We think it time to begin turning our tears of grief for the Israel-Gaza War into a wellspring of creativity for peace. We must explore what the War poses for the future, including the dangers — physical and spiritual — it poses to American Arab and Muslim and American-Jewish communities.

We can imagine that Hamas came to the conclusion that life in Gaza has been so close to intolerable that it was worth taking the risk of a swift, bold, brutal, and by most standards criminal and atrocious attack on Israeli civilians and soldiers. Hamas seems to have expected that such an attack would do a great deal to unhinge their enemy.

As of one month ago, just before the Hamas attack, it looked as if a small majority of Israeli Jews, acting through months of huge street demonstrations and other acts of civil disobedience, were denouncing their government as corrupt, and anti-democratic, a threat to Israeli society.

Among American Jews, that opinion was being held by more and more people. Among those who held it, there were more than in Israel who spoke explicitly connecting the anti-democratic plans of the Netanyahu-plus-racist-Kahaneist regime with the Occupation, the expansion of the settler system on the West Bank, blind eyes (at best) by the State to settler pogroms against Palestinians, and the prevention of a two-state peace settlement.
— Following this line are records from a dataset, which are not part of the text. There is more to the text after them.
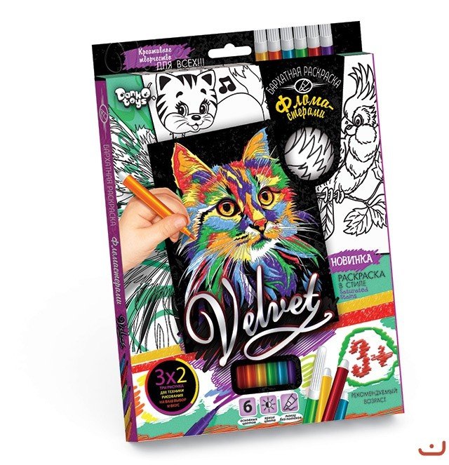 Набір креативної творчості "Оксамитова розфарбування фломастерами VELVET". Поєднання об'ємного чорного оксамиту і яскравих кольорів фломастерів, створює неповторний ефект і розвиває художній смак. Три малюнка різного розміру (14,8 х 21 см, 20,5 х 26 см і 14,8 х 21 см). 6 фломастерів.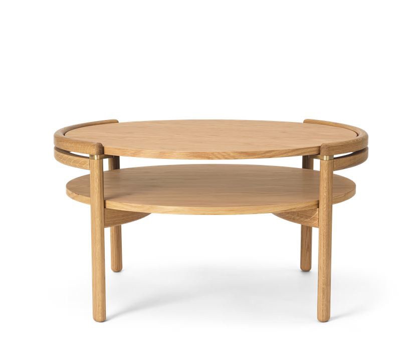 The RF1905 Sideways Coffee Table combines traditional Danish craftsmanship and materiality with contemporary aesthetics. Designed by Rikke Frost, it consists of two parts - an organic, round solid wooden frame and a reversible tabletop. Resting on top of inlaid brass brackets, the tabletop is available in oak or walnut with a reversible laminate side or, alternatively, Italian marble.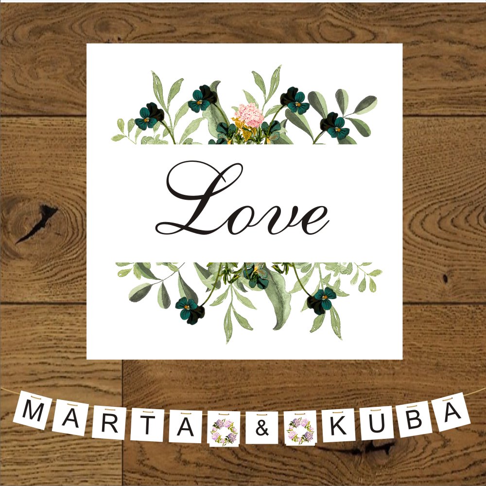 Baner weselny w kolorach zieleni i szmaragdowych kwiatów.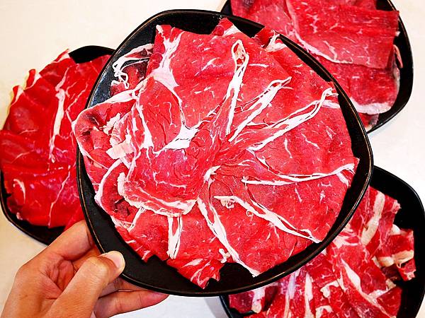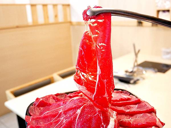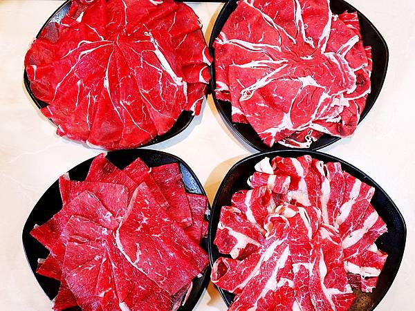 靜香跟男友當天挑戰4盤牛肉,分別是大家心心念念的M9黑毛和牛,以及Prime霜降牛、Choice肋眼和Choice無骨牛小排,不得不說和牛蠻好吃,涮煮完相當軟嫩而且甜度高,重點不是薄到透光的肉片,相當有存在感,光是用白湯涮煮,不用沾醬就好吃。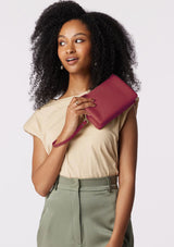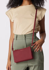 The Tilly Crossbody Bag by SABEN is a wallet, clutch and crossbody staple, a tri-factor and the linchpin to keeping your life in order. A bag that works as hard as you do. Bunked in your big bag as a wallet, worn as a clutch with the wristlet strap or utilise it as a petite yet highly productive cross-body handbag with the ease and elegance of the cross-body strap.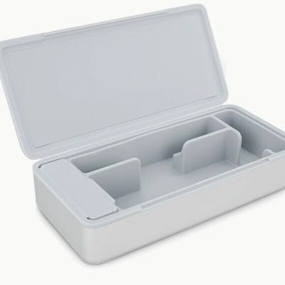 The Travel Case keeps your stash organized. Featuring a ridged hard aluminum exterior with a magnetic lid closure and soft silicone inside to reduce rattling, the Travel Case has room for a Pivot + Hot Knife, up to 3 jars, cotton swabs, a covered section for trash, and anything else you might need. Specs: Dimensions: 7.6" x 3.5" x 1.7" Material: Aluminum Exterior Four (4) Interior Compartments Noise Reducing Silicone Interior Space for up to 24 Swabs Covered Compartment for Dirty Swabs Magnetic Closure

The overwhelming response among Israeli Jews to the Hamas attack was a chorus of rage and a call for revenge. Among some Israelis there were public urgings for caution not to carry out a massive attack on civilians in Gaza. About 100 Israelis were arrested for speaking out along those lines.

Among American Jews, many more called for a cease fire and many welcomed arrest in calling for a cease fire.

Among most Israeli and many American Jews, there was a second response to the Hamas attack: shocked disbelief at how Israeli intelligence was utterly incompetent in having no forewarning. The N Y Times did a special investigation of that blindness. Its report concluded that arrogant contempt for Hamas and obsession with Iran as Israel’s great enemy was responsible.

(See details in the NY Times at — https://www.nytimes.com/2023/10/29/world/middleeast/israel-intelligence-hamas-attack.html. Also available at — https://news.yahoo.com/years-israeli-failures-hamas-led-115616625.html)

So the blind arrogance of a sitting government gives birth to blind un-intelligence. But that is not the only danger the State of Israel faces. The normal alternative to an incompetent government is the parliamentary opposition. But If the parliamentary "opposition" is a wishy-washy-squishy amalgam of the same contempt for the Palestinian people and for Islam mixed with no determination to grasp power and shape a different policy, then there follows a supine willingness to follow the incompetents into war.

And if you have a pro-democracy Resistance movement that is afraid to say the Truth that democracy for Jews is a hoax unless it includes democracy for Palestinians and struggles nonviolently for both, then you feed among Palestinians — and probably among Israelis — a blind and atrocity-addicted band of killers. The longer such violence continues, the more likely will be antisemitic and Islamophobic outbursts.

Over the next generation, this means choosing between a succession of more and more nearly genocidal wars — or a negotiated peace.

Because Israel has much more power than the stateless Palestinian people, it ought to take the initiative for a binational peace. Yet because it has more power, it is less likely to take the initiative.

This leaves an important role to the Jewish, Arab, and Muslim communities in the United States. For both the sake that Israel and Palestine can thrive and for the sake of our own safety and our own spiritual intentions to be peoples of peace, can we choose to act — not only for the sake of each of our peoples separately, but for peace between us?